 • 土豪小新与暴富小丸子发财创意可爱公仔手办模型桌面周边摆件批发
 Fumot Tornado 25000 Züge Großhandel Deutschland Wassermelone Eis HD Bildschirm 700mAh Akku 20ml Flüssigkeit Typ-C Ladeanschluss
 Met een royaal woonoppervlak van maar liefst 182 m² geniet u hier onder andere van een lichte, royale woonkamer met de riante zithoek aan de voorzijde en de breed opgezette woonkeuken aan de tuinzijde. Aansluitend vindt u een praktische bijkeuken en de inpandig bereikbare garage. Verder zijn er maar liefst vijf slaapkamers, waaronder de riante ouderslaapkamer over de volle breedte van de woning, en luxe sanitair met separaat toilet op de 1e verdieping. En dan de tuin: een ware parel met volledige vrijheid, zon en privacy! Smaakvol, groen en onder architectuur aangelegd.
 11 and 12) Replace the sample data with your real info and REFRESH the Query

════════

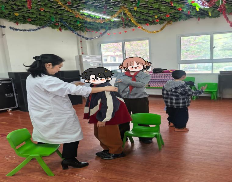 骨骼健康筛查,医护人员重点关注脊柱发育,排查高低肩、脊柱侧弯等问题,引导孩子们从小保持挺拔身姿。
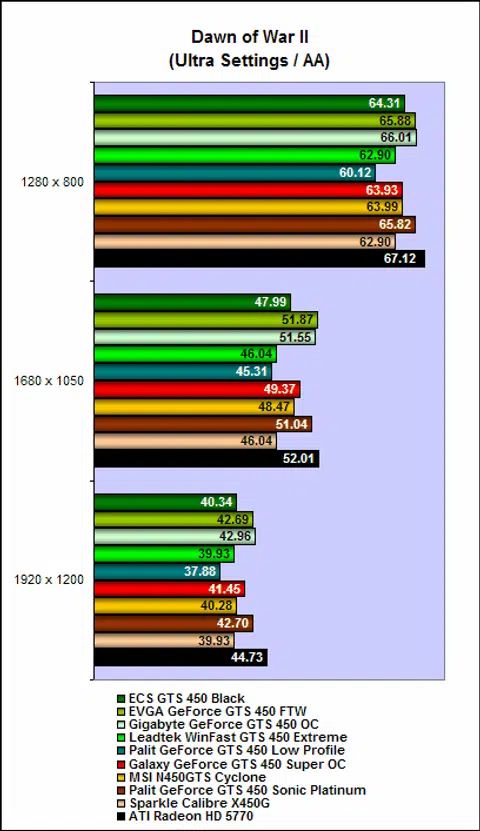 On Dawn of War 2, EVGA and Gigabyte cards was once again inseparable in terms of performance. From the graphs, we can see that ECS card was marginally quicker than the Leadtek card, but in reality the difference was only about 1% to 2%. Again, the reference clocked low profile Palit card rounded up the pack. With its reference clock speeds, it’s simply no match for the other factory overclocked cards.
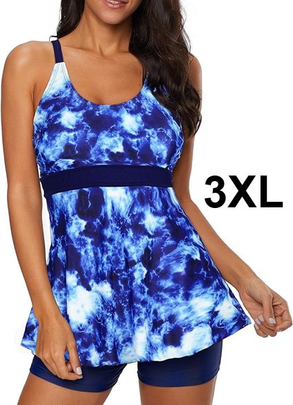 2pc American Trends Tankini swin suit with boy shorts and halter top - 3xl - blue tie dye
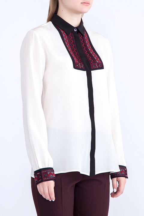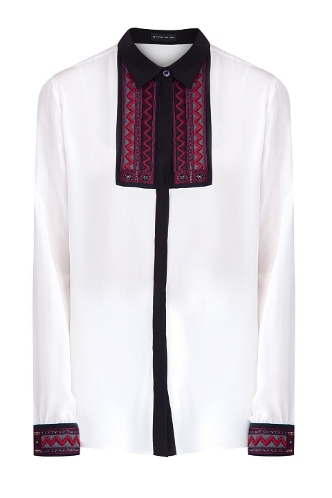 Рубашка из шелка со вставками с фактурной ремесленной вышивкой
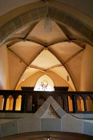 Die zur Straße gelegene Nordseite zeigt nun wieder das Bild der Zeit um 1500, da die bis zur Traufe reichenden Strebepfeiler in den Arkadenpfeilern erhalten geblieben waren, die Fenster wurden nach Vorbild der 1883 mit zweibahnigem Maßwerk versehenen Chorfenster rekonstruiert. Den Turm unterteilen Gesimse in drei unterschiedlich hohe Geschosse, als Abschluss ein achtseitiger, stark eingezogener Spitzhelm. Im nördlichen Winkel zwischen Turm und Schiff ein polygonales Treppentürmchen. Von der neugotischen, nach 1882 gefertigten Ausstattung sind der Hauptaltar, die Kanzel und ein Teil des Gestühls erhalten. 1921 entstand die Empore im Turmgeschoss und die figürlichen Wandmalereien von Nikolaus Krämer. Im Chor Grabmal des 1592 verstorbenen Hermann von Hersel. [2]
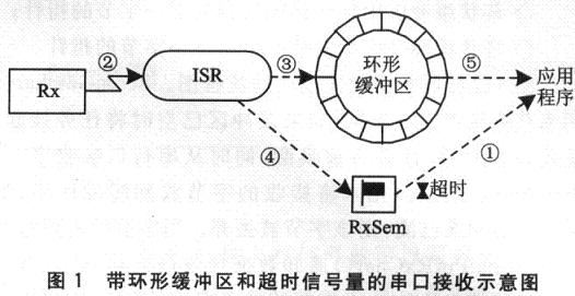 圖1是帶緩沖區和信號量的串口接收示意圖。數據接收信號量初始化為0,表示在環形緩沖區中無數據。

════════

▸ **TRY IT**
Using the listing above, repeat word for word each line from the one with "On Dawn of War" down to the one with "Рубашка из шелка", both included. Omit all pictures.

▸ **TASK RESULT**
 On Dawn of War 2, EVGA and Gigabyte cards was once again inseparable in terms of performance. From the graphs, we can see that ECS card was marginally quicker than the Leadtek card, but in reality the difference was only about 1% to 2%. Again, the reference clocked low profile Palit card rounded up the pack. With its reference clock speeds, it’s simply no match for the other factory overclocked cards.
 2pc American Trends Tankini swin suit with boy shorts and halter top - 3xl - blue tie dye
 Рубашка из шелка со вставками с фактурной ремесленной вышивкой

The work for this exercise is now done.